Instructions for the task ::
Copy out again, unchanged, the listing below from the line that has "Os valores inseridos" through the line that has "Прототип ПО разработан".

Recorded data ::
== Segment start ==

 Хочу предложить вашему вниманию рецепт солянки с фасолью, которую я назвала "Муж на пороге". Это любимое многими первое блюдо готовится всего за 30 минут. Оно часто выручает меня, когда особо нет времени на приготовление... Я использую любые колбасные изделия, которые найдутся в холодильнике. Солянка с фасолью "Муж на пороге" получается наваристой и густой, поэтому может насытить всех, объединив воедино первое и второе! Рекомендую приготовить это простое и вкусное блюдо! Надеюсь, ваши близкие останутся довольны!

== Segment end ==
== Segment start ==

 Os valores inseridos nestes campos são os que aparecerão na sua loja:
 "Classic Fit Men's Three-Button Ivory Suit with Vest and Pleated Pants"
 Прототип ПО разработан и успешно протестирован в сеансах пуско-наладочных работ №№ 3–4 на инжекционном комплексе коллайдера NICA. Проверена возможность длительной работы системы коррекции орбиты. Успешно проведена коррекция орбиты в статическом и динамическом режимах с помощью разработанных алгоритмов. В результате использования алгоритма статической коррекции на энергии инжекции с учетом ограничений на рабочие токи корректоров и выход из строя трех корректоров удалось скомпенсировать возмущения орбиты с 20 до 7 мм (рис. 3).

== Segment end ==
== Segment start ==

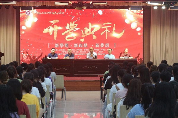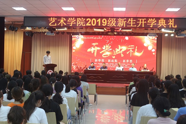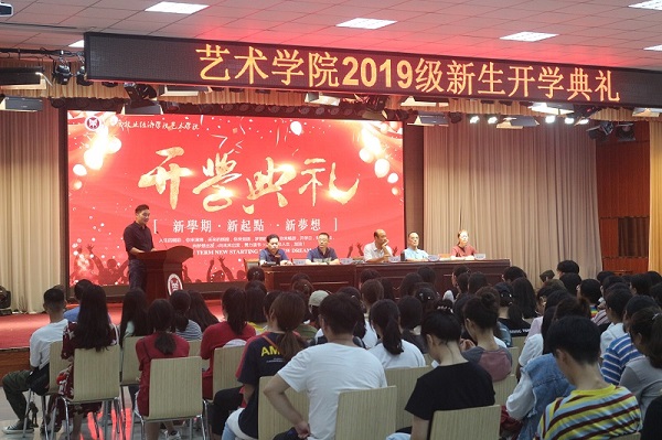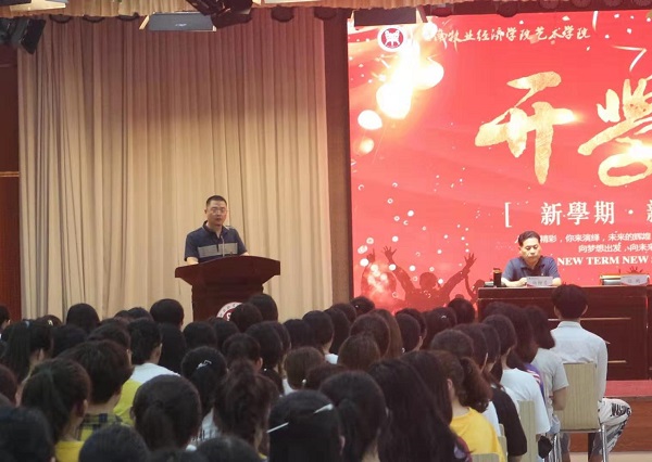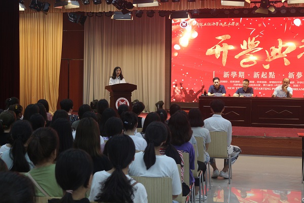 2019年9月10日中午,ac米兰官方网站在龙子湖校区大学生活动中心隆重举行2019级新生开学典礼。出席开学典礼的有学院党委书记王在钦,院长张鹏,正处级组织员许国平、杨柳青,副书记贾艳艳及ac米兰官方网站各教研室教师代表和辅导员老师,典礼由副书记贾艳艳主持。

== Segment end ==

Expected output ::
 Os valores inseridos nestes campos são os que aparecerão na sua loja:
 "Classic Fit Men's Three-Button Ivory Suit with Vest and Pleated Pants"
 Прототип ПО разработан и успешно протестирован в сеансах пуско-наладочных работ №№ 3–4 на инжекционном комплексе коллайдера NICA. Проверена возможность длительной работы системы коррекции орбиты. Успешно проведена коррекция орбиты в статическом и динамическом режимах с помощью разработанных алгоритмов. В результате использования алгоритма статической коррекции на энергии инжекции с учетом ограничений на рабочие токи корректоров и выход из строя трех корректоров удалось скомпенсировать возмущения орбиты с 20 до 7 мм (рис. 3).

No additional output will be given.